* The task
Send back the data below exactly. Drop every picture.

* Dataset extract
=== Begin Enclosure ===

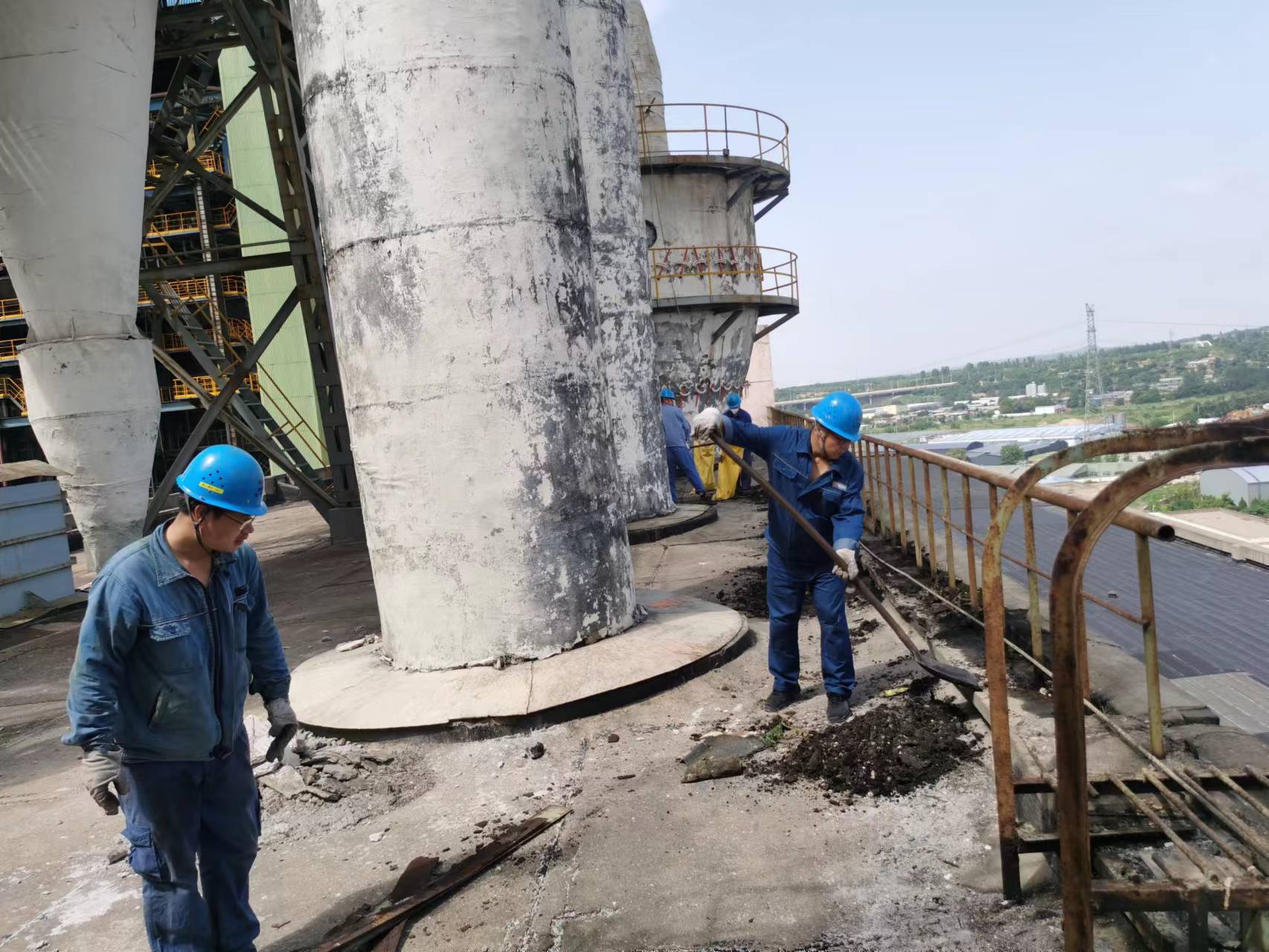 下午三點,驕陽似火,即便是不干活,在屋頂站一會就大汗淋漓,但24米除氧器平臺、循泵房頂、網(wǎng)控樓房頂…到處都是項目部員工忙碌的景象。烈日的炙烤加上高溫管道和煙道散發(fā)的熱量,環(huán)境溫度高達50多度,背上的衣服已經(jīng)浸出白色的鹽漬,臉上豆大的汗珠混著灰塵流淌,不一會功夫大家都成了“大花臉”。
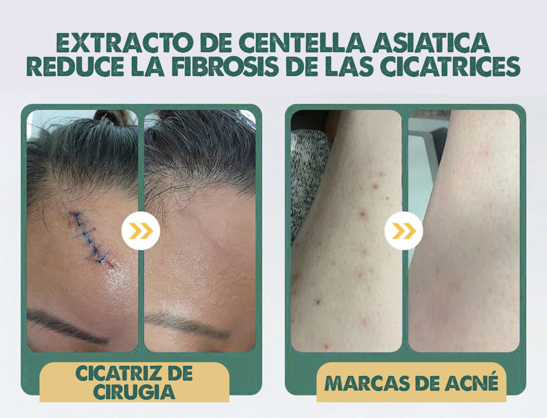 Extracto de Centella asiática – Conocida como el “Rey de las plantas reparadoras de la piel”, sus compuestos activos —incluidos el ácido madecásico y el asiaticósido— estimulan de manera efectiva la síntesis de colágeno y reducen la fibrosis del tejido cicatricial. Numerosos estudios clínicos han demostrado su gran capacidad para mejorar cicatrices estructurales como cicatrices quirúrgicas, marcas de acné y estrías.
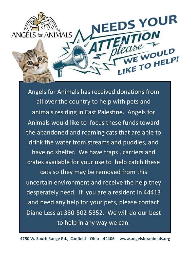 “This will get the ball rolling. We will need boots on the ground to pull this off,” she said, adding that Angels is fundraising for their BOGO spay/neuter event, mentioned at the bottom of this page hereopens in new tab. With this special, someone can bring in two cats and receive one spay or neuter for free. Less said that donors can specify that they’d like their BOGO funds to go toward East Palestine rescues, as Angels aims to continue to help strays in the area.
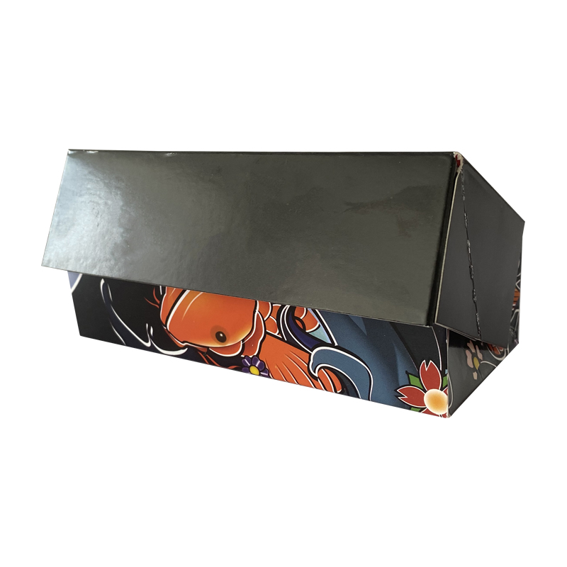 锦鲤寿司纸盒日式料理纸餐盒定制这款盒子的侧面印刷锦鲤图案,喜庆且印刷清晰,色彩鲜艳无色差,可以折叠使用,也可以轻松成型,食品级材质,可直接接触食物,支持定制免费设计

=== End Enclosure ===

* Answer below
 下午三點,驕陽似火,即便是不干活,在屋頂站一會就大汗淋漓,但24米除氧器平臺、循泵房頂、網(wǎng)控樓房頂…到處都是項目部員工忙碌的景象。烈日的炙烤加上高溫管道和煙道散發(fā)的熱量,環(huán)境溫度高達50多度,背上的衣服已經(jīng)浸出白色的鹽漬,臉上豆大的汗珠混著灰塵流淌,不一會功夫大家都成了“大花臉”。
 Extracto de Centella asiática – Conocida como el “Rey de las plantas reparadoras de la piel”, sus compuestos activos —incluidos el ácido madecásico y el asiaticósido— estimulan de manera efectiva la síntesis de colágeno y reducen la fibrosis del tejido cicatricial. Numerosos estudios clínicos han demostrado su gran capacidad para mejorar cicatrices estructurales como cicatrices quirúrgicas, marcas de acné y estrías.
 “This will get the ball rolling. We will need boots on the ground to pull this off,” she said, adding that Angels is fundraising for their BOGO spay/neuter event, mentioned at the bottom of this page hereopens in new tab. With this special, someone can bring in two cats and receive one spay or neuter for free. Less said that donors can specify that they’d like their BOGO funds to go toward East Palestine rescues, as Angels aims to continue to help strays in the area.
 锦鲤寿司纸盒日式料理纸餐盒定制这款盒子的侧面印刷锦鲤图案,喜庆且印刷清晰,色彩鲜艳无色差,可以折叠使用,也可以轻松成型,食品级材质,可直接接触食物,支持定制免费设计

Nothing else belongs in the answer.